Кстати, о рыбах. Из всех находившихся за княжеским столом самыми тихими гостями были я и Валентина: до сих пор мы не произнесли ни одного слова. Валентина сидела в блестящей на локтях кофте, набросив на плечи пуховый платок. От нее пахло утюгом, дешевой парфюмерией и чем-то еще, столь же трогательным, сколь и старомодным. Ее лицо выражало спокойную торжественность. Наброшенный платок локализовал Валентину в пространстве, очерчивал границы ее полного и несколько бесформенного тела (я вообще заметил, что полные женщины обнаруживают склонность к платкам), сообщая ей при этом какую-то особую неподвижность, почти монументальность. В этот вечер Валентина вставала лишь однажды. Из медного, наподобие ковша, сосуда она подлила в лампаду масла. В русско-американских прениях Валентина поддерживала, естественно, князя и выражала свое молчаливое одобрение всякий раз, как он начинал говорить. Она смотрела на него не отрываясь и порой кивала не в такт, из чего следовало, что одобрение немецких речей князя основывалось исключительно на ее доверии к нему.

С этого дня мы были частыми гостями у князя. Наблюдая за жизнью этого дома, я внутренне удивлялся, что, вопреки уговорам князя остаться, Настя решила переехать в общежитие. Мы приходили по вечерам, и всякий раз дверь нам открывала Валентина. Она спрашивала по-русски, не голодны ли мы, и, если до того мы не успевали поужинать, кормила нас на кухне. Затем мы рассаживались в гостиной точно в том же составе, что и в первый раз — только не за столом, а в креслах вокруг камина. На стеклянном столике стояли замечательные напитки, которые князь настоятельно предлагал пробовать. Сам он почти не пил. Он наливал себе немного коньяку и затем в продолжение вечера рассматривал бокал на свет, лишь изредка касаясь его губами. В другой руке он держал каминные щипцы, которыми шевелил горящие поленья.

Поленья приносил обычно Билл, но класть их в огонь было привилегией князя. Время от времени князь вставал с кресла и, взяв два-три новых бруска, укладывал их на манер сруба поверх уже горевших. Несколько раз за поленьями посылали меня. Я брал поленья во дворе под навесом и, прижимая к груди, чувствовал сквозь рубашку их холод. Я не торопился возвращаться в дом. Я стоял, облокотясь о поленницу, и вдыхал влажный западный ветер, смешанный с запахом древесины. В эти дни конца февраля — начала марта я впервые в жизни так остро ощутил приход весны. Днем он был еще незаметен, но ночью, во мраке двора, чувствовался в состоянии воздуха, в мягкости прошлогодней травы под ногами, в размытых контурах княжеского дома.

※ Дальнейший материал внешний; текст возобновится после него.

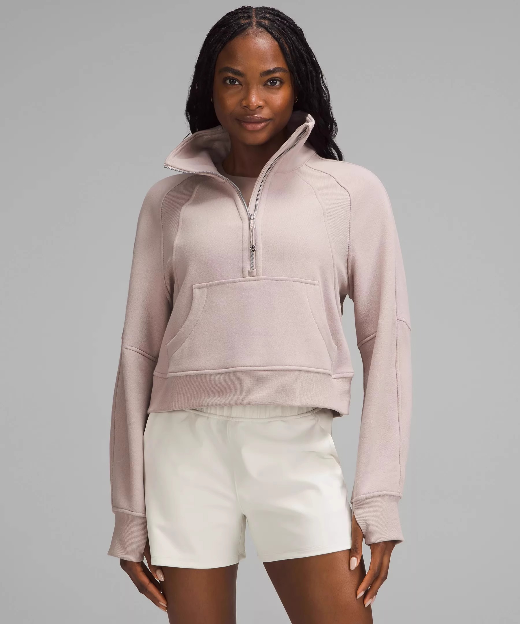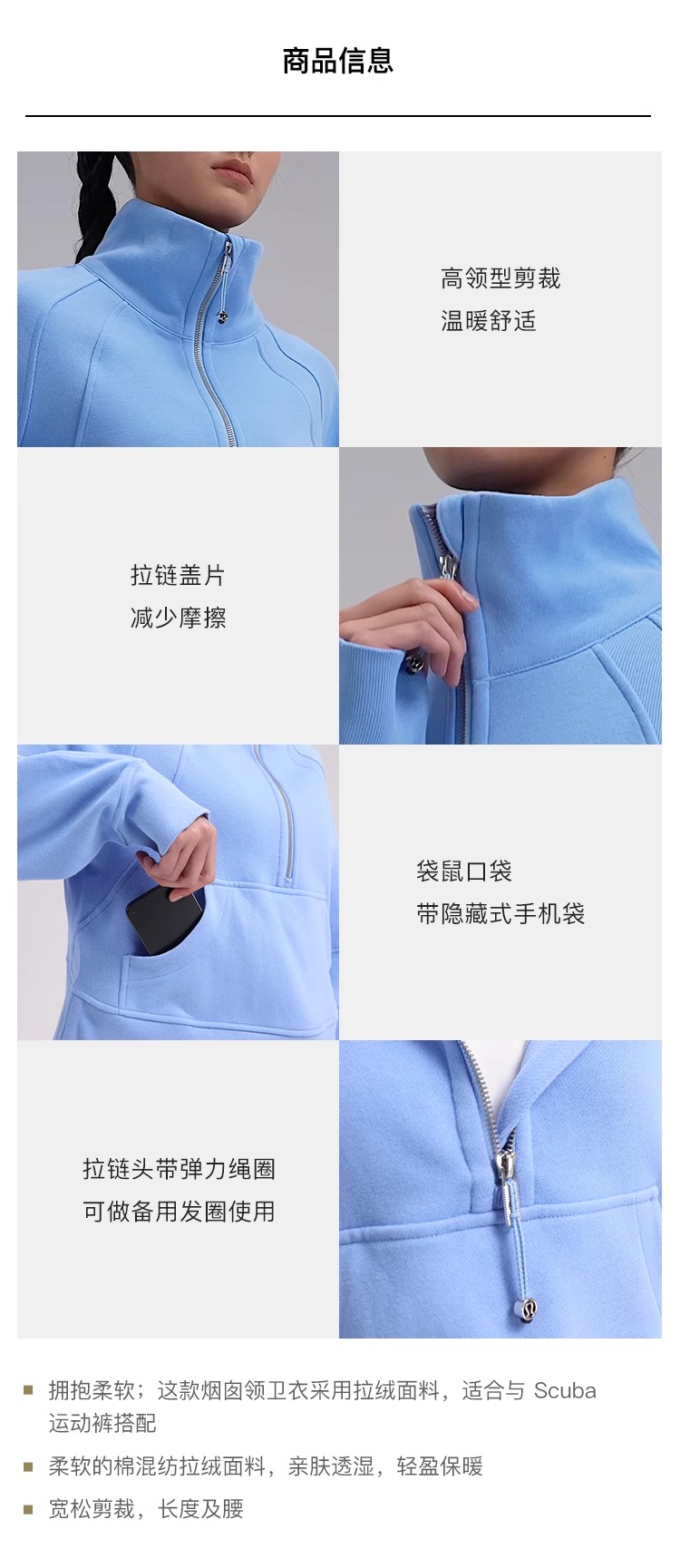 跃牌【瑞幸系列】加绒保暖卫衣女短款休闲时尚Scuba连帽半拉链宽松瑜伽运动外套HCX011

Только что принесенные поленья следовало класть поближе к огню, чтобы, лежа там, они хоть немного подсохли. Впрочем, даже сырые поленья горели неплохо, хотя и издавали при этом жуткий треск. Сидя у камина, мы почти не смотрели друг на друга: все взгляды притягивал к себе огонь. Про себя уже тогда я называл эти вечера незабываемыми, будучи уверен, что они никогда не уйдут из моей памяти. Сейчас, когда со времени этих вечеров не прошло и года, слово «никогда» звучит не слишком серьезно. И все-таки, думаю, что, употребляя его, я прав. Мне кажется, что ностальгические чувства напрасно связывают исключительно с прошедшим. Сидя тогда у князя, я испытывал жгучую ностальгию по настоящему, видя себя словно бы из далекого будущего, в пожелтевшем глянце фотографии. Это было необъяснимой ностальгией впрок, исключительным свойством юности, которая в будущем помещает все — даже прошлое, потому что в прошлом не имеет ничего такого, от чего сжималось бы сердце.

Несмотря на постоянные споры князя с Биллом (Настя обозначала его емким русским словом «злыдень»), и я, и Настя испытывали в этом доме чувство спокойствия и уюта. Собственно говоря, Билл не был таким уж злыднем, каким мог бы (а может быть, и хотел) показаться. Его забота о князе была по-своему трогательной, хотя и не лишенной военных черт. Чувствуя себя главнокомандующим от медицины, все, что казалось ему в этой сфере необходимым, Билл рекомендовал довольно настойчиво. Свои предписания он оглашал по-военному коротко и не предполагал дальнейших обсуждений. Я видел, что Настю это подчас раздражало, а впоследствии стал догадываться, что как раз американец и мог стать причиной ее переезда в общежитие. Иногда Настино неудовольствие выходило наружу. Так, в ответ на распоряжение Билла «поить князя чаем» Настя довольно сердито спросила, следует ли это делать через зонд.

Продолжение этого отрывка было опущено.